INFORMATION START

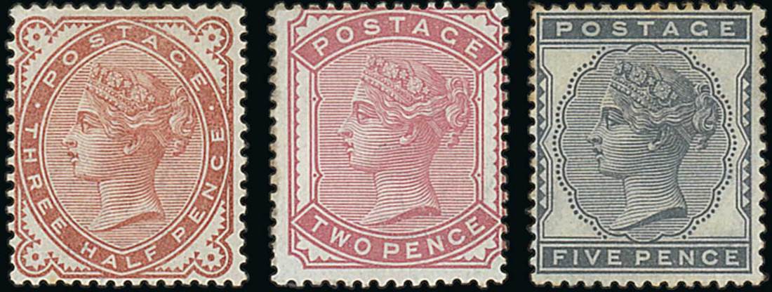 ½d. (2), 1d., 1½d., 2d. (2) and 5d., 1881 Die I 1d. (2), Die II 1d. (3), part original gum, unused or regummed, chiefly fine. £1,990. Photo
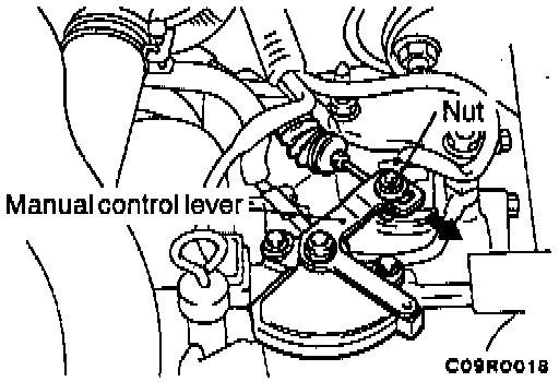 2. Loosen the adjusting nut, gently pull the transaxle control cable in the direction of the arrow and tighten the nut.
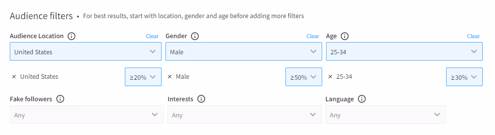 Uma dica: aplique os filtros progressivamente e não todos de uma vez para evitar potencialmente perder influencers que seriam uma boa escolha.
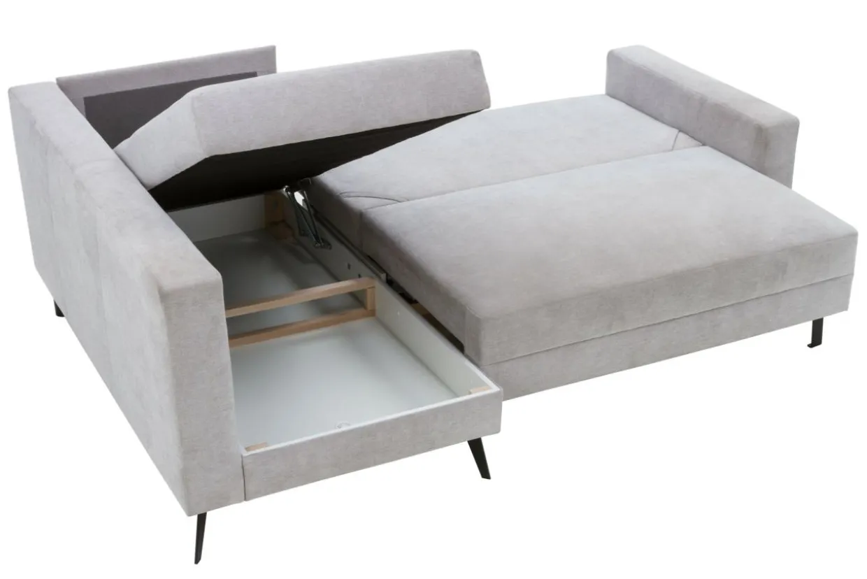 Narożnik jest wyposażony w funkcję z mechanizmem ułatwiającym rozkładanie. Komfort spania jest taki sam po obu stronach dzięki sprężynom falistym.
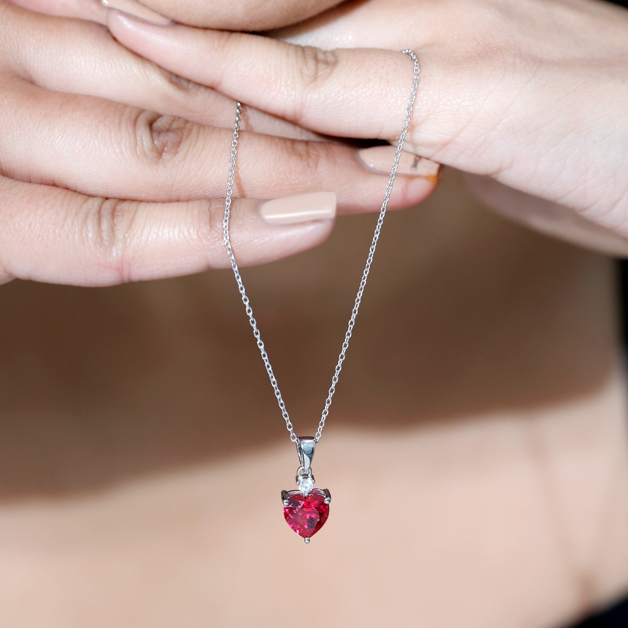 2 CT Lab Grown Ruby Heart Pendant Necklace with Moissanite
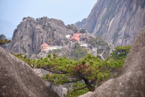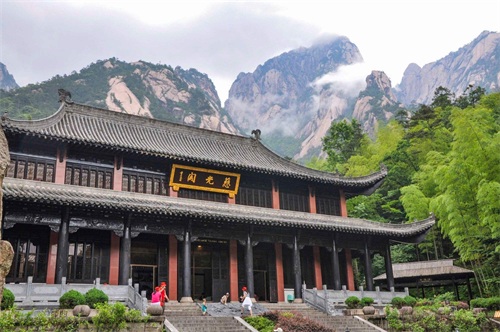 慈光阁,原为慈光寺,古称朱砂庵。始建于明朝嘉靖年间,万历年间普门和尚改名为法海禅院,名声渐大,传入宫廷,并于万历三十八年钦赐“护国慈光寺”。现为黄山前山登山入口,也是玉屏索道的入口。

INFORMATION END

EXERCISE DIRECTIONS: All lines from the one containing "2. Loosen the" to the last line of the records above, and no others, should be returned unchanged, without pictures.

FINISHED TASK:
 2. Loosen the adjusting nut, gently pull the transaxle control cable in the direction of the arrow and tighten the nut.
 Uma dica: aplique os filtros progressivamente e não todos de uma vez para evitar potencialmente perder influencers que seriam uma boa escolha.
 Narożnik jest wyposażony w funkcję z mechanizmem ułatwiającym rozkładanie. Komfort spania jest taki sam po obu stronach dzięki sprężynom falistym.
 2 CT Lab Grown Ruby Heart Pendant Necklace with Moissanite
 慈光阁,原为慈光寺,古称朱砂庵。始建于明朝嘉靖年间,万历年间普门和尚改名为法海禅院,名声渐大,传入宫廷,并于万历三十八年钦赐“护国慈光寺”。现为黄山前山登山入口,也是玉屏索道的入口。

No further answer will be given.